Ruth sends out her writing to editors (Roland Meseck, Eugene Kwon, Michelle Diaz) and tries to get work in journalism, while Eileen mostly seems to spend her time meeting “boys” (Bryce Stewart, Adam Houston, etc).  Ruth’s wry song “One Hundred Easy Ways To Lose a Man”, acknowledging that her competence, bluntness, and unwillingness to dissemble are disadvantages in dating, is possibly not quite as true today as it was sixty years ago when the song was written, but it’s still familiar and the song is a good exposition of Ruth’s character, putting the audience on her side.  Neighbours Wreck and Helen (Daniel Greenways and Bridget Lyne) are an unmarried couple whose plans to conceal their cohabitation when Helen’s mother (Phoebe Davis) visits are also slightly dated to a modern audience but still humorously familiar.

In classic musical theatre structure, the first act ended with plot complications and an uptempo song and dance number with lots of cast members in it.  Ruth is tricked into believing she has an assignment to interview some Brazilian naval cadets for a human interest story, but the sailors (Houston, Kwon, Davis, Taylor Paskar, Diaz, Lyne) just break into an enthusiastic and uncontrollable conga line which lands in Ruth and Eileen’s apartment and gets Eileen arrested for disturbing the peace.

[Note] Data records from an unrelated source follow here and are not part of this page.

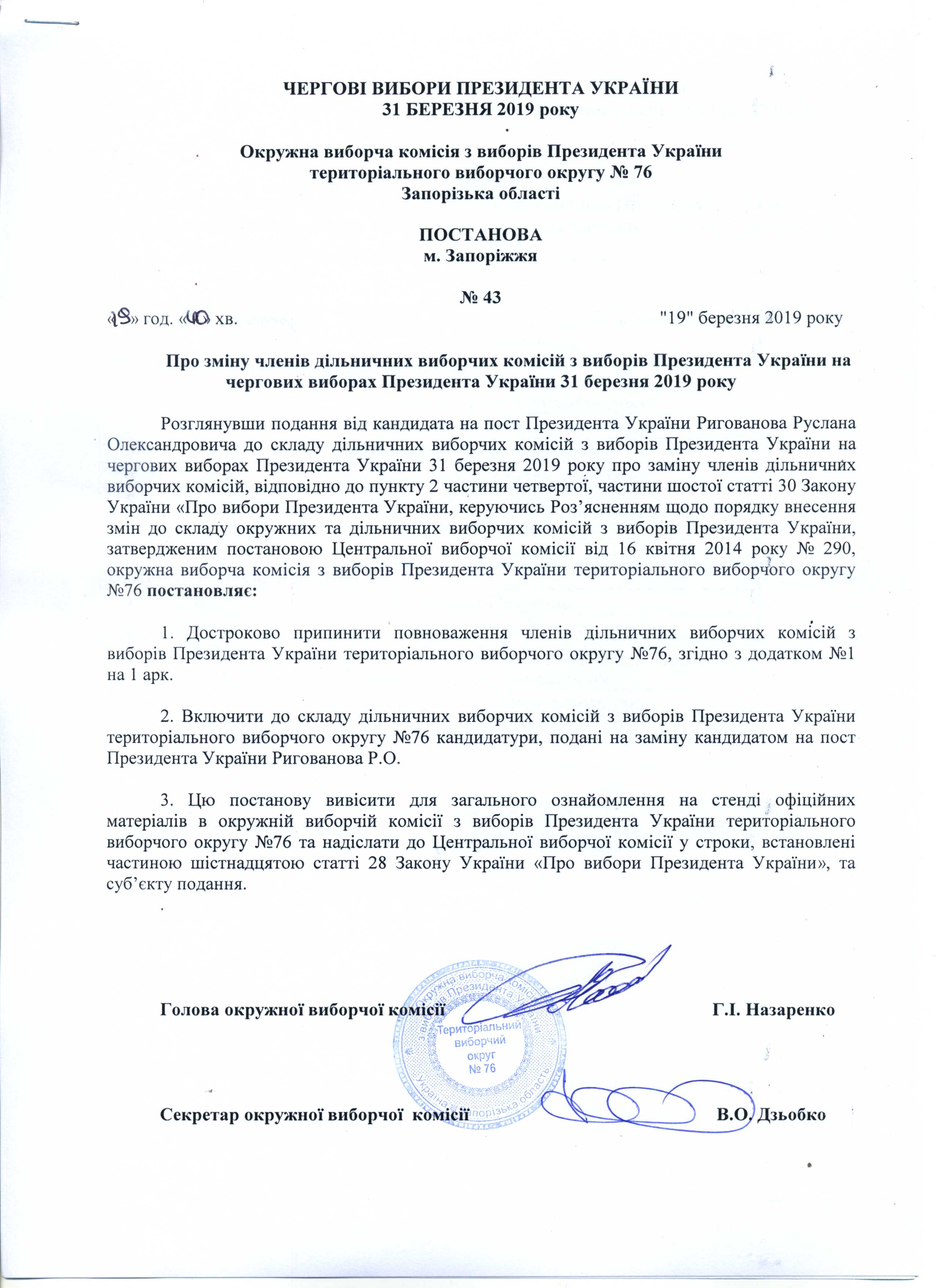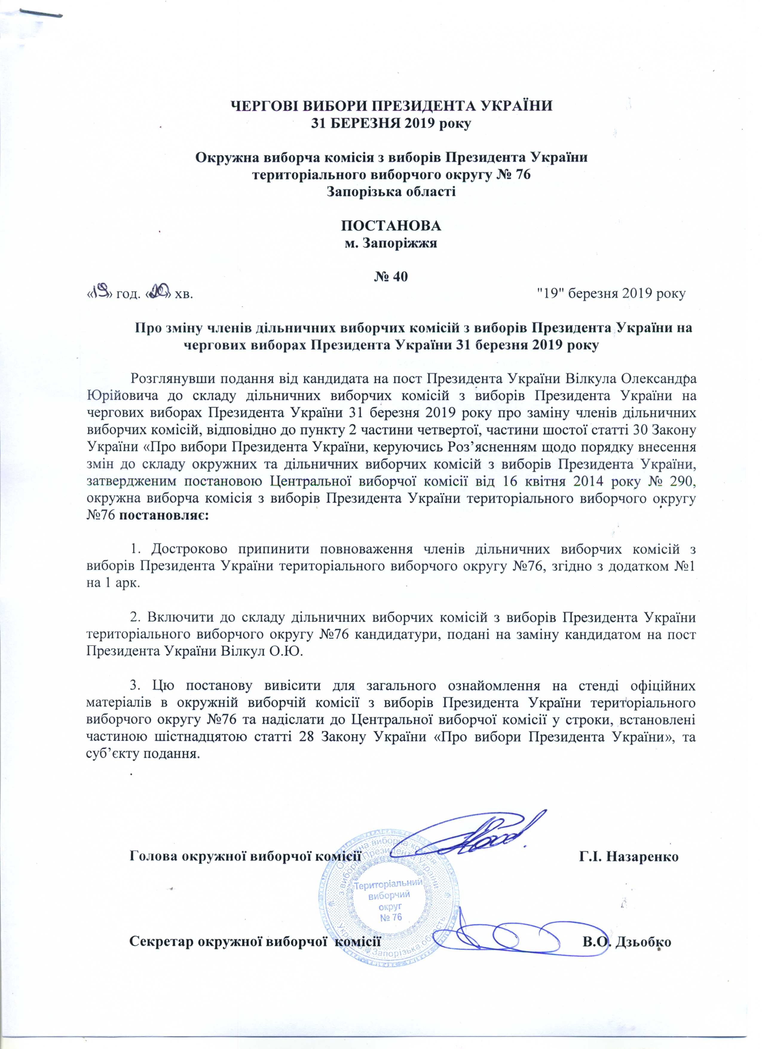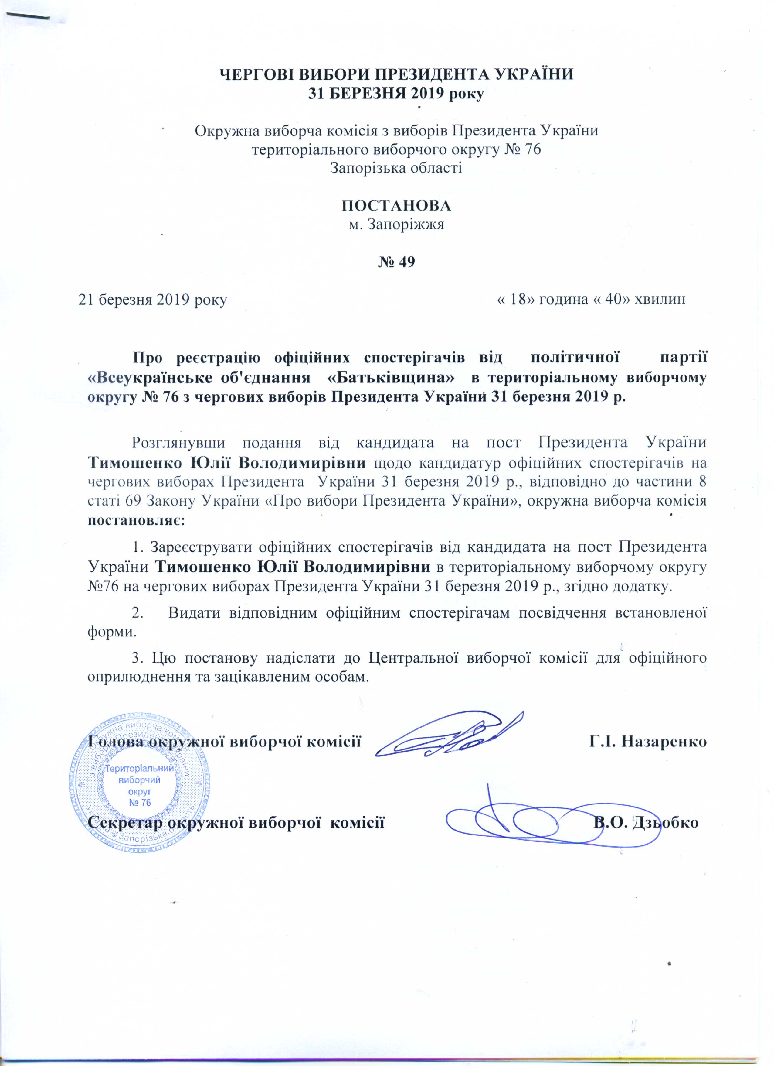 Про реєстрацію офіційних спостерігачів від кандидата на пост Президента України Тимошенко Юлії Володимирівни в територіальному виборчому округу №76 з чергових виборів Президента України 31 березня 2019 року |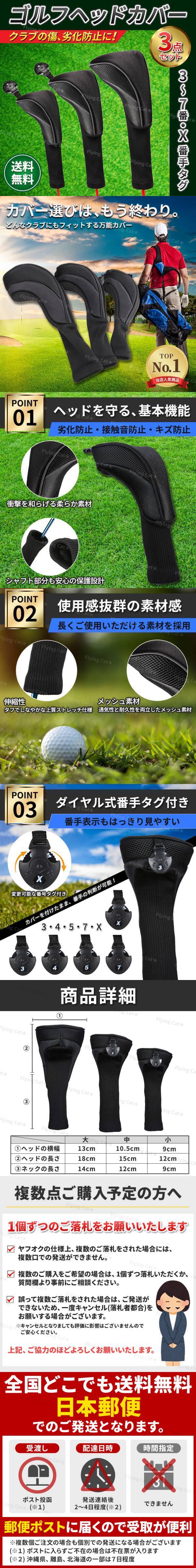 | 【匿名配送】ゴルフクラブ ヘッドカバー ブラック3点セット!ダイヤル式 番手タグ付き ■シンプルなデザイン 他のセットにも合わせやすい単色でシンプルなデザインを採用しました。 また、クラブの形状にフィットする立体縫製、クッション性のある肉厚な生地でしっかり保護します。 ■シャフト部分までしっかりガード ネック部分が長いロングネック計上。ネック部分は伸縮性のあるナイロン生地を使用。 ヘッド内側は柔らかいナイロン素材により衝撃からクラブを保護します。 ■ダイヤル式 番手タグ付き ダイヤル式で簡単に番号の変更が可能です。 カバーを付けたままでも番手の判断ができ利便性も上がります。 ■撥水性 水濡れや汚れに強いから、小雨が降っても大丈夫。汚れても水拭き可能です。 |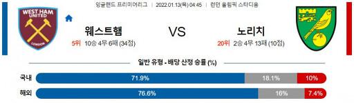 프리미어리그 1월 13일 04:45 웨스트햄 : 노리치 시티 FC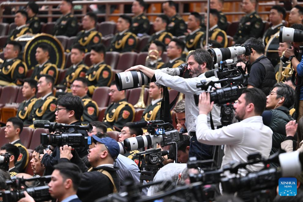 Journalists work at the opening meeting of the fourth session of the 14th National People's Congress (NPC) at the Great Hall of the People in Beijing, capital of China, March 5, 2026. (Xinhua/Li Xin)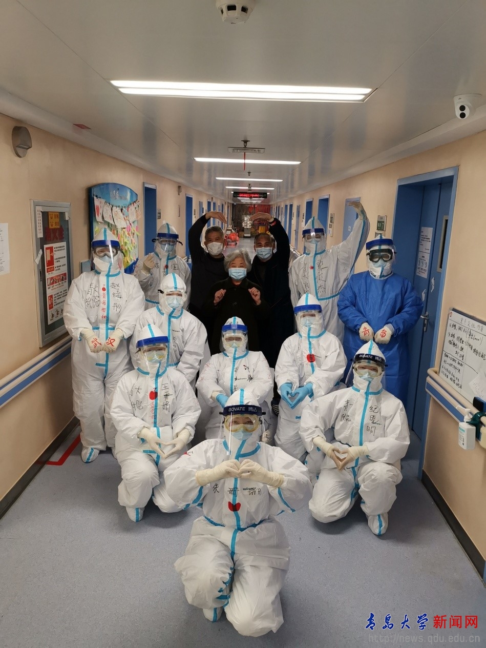 青島大學附屬醫院第三批援鄂醫療隊在元宵節當晚接到了上級馳援武漢的通知,132名醫療隊員在2小時內集結完畢,第二天出征抵達武漢,從組隊到接管同濟醫院光谷院區50張床的重癥病房,僅僅用了46小時。這支隊伍中女性醫護人員93人,占總人數的71%,是整個醫療隊的主力軍。在93名女性隊員中年齡最大的51歲、最小的僅22歲;有剛剛斷奶的兩個孩子的媽媽,亦有接力抗擊非典母親繼續抗疫的女兒;有軍功章里有她一半的軍嫂,亦有與愛人同時奮戰不同城市抗疫一線的妻子……在疫情驟然來臨時,她們毅然克服小家的困難,剪掉長發,勇敢逆行,用生命守護生命,構筑起疫情防控阻擊戰的堅強堡壘。孔心涓、魏麗麗、脫淼等醫護帶頭人沖在一線,率先垂范,帶領女醫護隊員以高超精準的專業素養以及男兒般的勇氣和膽魄,在抗疫前線的陣地上,書寫了白衣天使的巾幗大愛,為抗擊疫情的最后勝利交上了“打勝仗、零感染、零死亡”的完美答卷。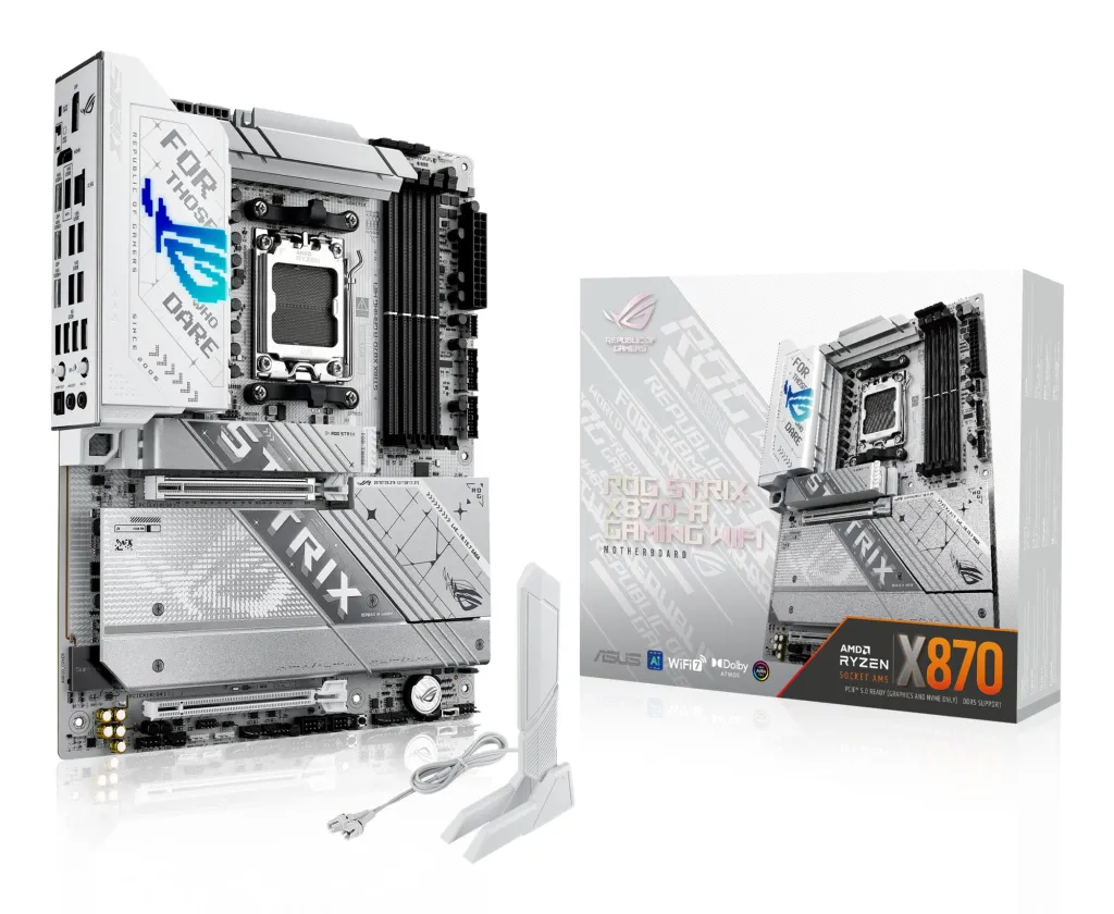 | Summary | ASUS ROG STRIX X870-A GAMING WIFI. Processor manufacturer: AMD, Processor socket: Socket AM5, Supported processor sockets: Socket AM5. Supported memory types: DDR5-SDRAM, Maximum internal memory: 192 GB, Memory slots type: DIMM. Supported storage drive interfaces: M.2, SATA III, Supported storage drive types: HDD & SSD, RAID levels: 0, 1, 10, 5. Ethernet interface type: 2.5 Gigabit Ethernet, Top Wi-Fi standard: Wi-Fi 7 (802.11be), Wi-Fi standards: Wi-Fi 7 (802.11be). Component for: PC, Motherboard form factor: ATX, Motherboard chipset family: AMD |

As the second act opens, Eileen is in custody in a station full of police officers with Irish accents, all charmed and all convinced she is Irish.   After a few more twists and turns, everyone has happy endings – Ruth finds both requited love and journalistic employment, and Eileen is a hit singing in a nightclub.

Most of the performers are cast in several roles, showing their versatility.  The only characters that I had a little trouble distinguishing were Bryce Stewart’s Valenti (the nightclub promoter) and Chick Clark (the newspaperman).  Zia Mizera and Sydney Williams were very good together as the contrasting but loyal sisters.